◆ Task prompt ◆
An exact copy of the data is required; the images should not appear in it.

◆ Data excerpt ◆

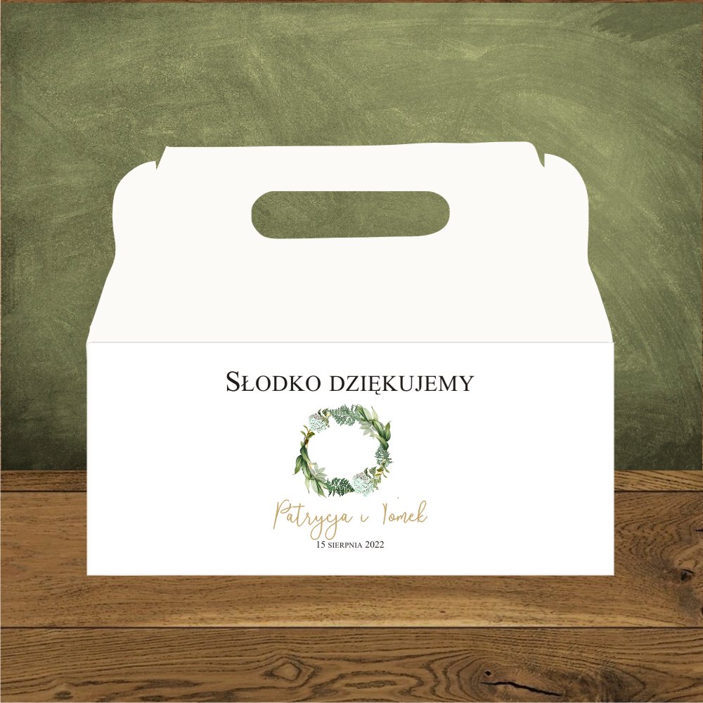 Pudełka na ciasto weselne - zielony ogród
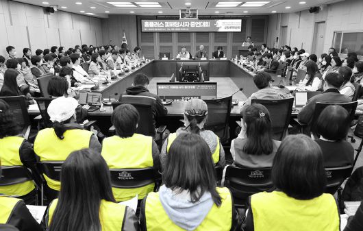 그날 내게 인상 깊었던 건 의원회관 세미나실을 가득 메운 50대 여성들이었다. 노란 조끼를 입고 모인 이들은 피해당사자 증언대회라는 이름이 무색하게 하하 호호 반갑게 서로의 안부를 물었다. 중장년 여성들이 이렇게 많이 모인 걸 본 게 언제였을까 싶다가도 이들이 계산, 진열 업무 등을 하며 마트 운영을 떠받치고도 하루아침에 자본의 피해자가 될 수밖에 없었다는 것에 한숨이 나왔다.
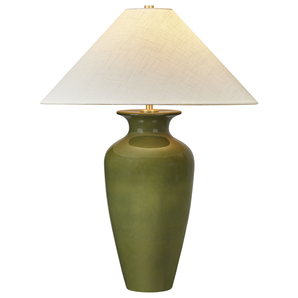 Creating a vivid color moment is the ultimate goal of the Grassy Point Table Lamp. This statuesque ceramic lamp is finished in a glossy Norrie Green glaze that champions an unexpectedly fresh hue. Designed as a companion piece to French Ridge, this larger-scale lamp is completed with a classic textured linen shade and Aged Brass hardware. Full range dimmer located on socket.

◆ Final answer ◆
 Pudełka na ciasto weselne - zielony ogród
 그날 내게 인상 깊었던 건 의원회관 세미나실을 가득 메운 50대 여성들이었다. 노란 조끼를 입고 모인 이들은 피해당사자 증언대회라는 이름이 무색하게 하하 호호 반갑게 서로의 안부를 물었다. 중장년 여성들이 이렇게 많이 모인 걸 본 게 언제였을까 싶다가도 이들이 계산, 진열 업무 등을 하며 마트 운영을 떠받치고도 하루아침에 자본의 피해자가 될 수밖에 없었다는 것에 한숨이 나왔다.
 Creating a vivid color moment is the ultimate goal of the Grassy Point Table Lamp. This statuesque ceramic lamp is finished in a glossy Norrie Green glaze that champions an unexpectedly fresh hue. Designed as a companion piece to French Ridge, this larger-scale lamp is completed with a classic textured linen shade and Aged Brass hardware. Full range dimmer located on socket.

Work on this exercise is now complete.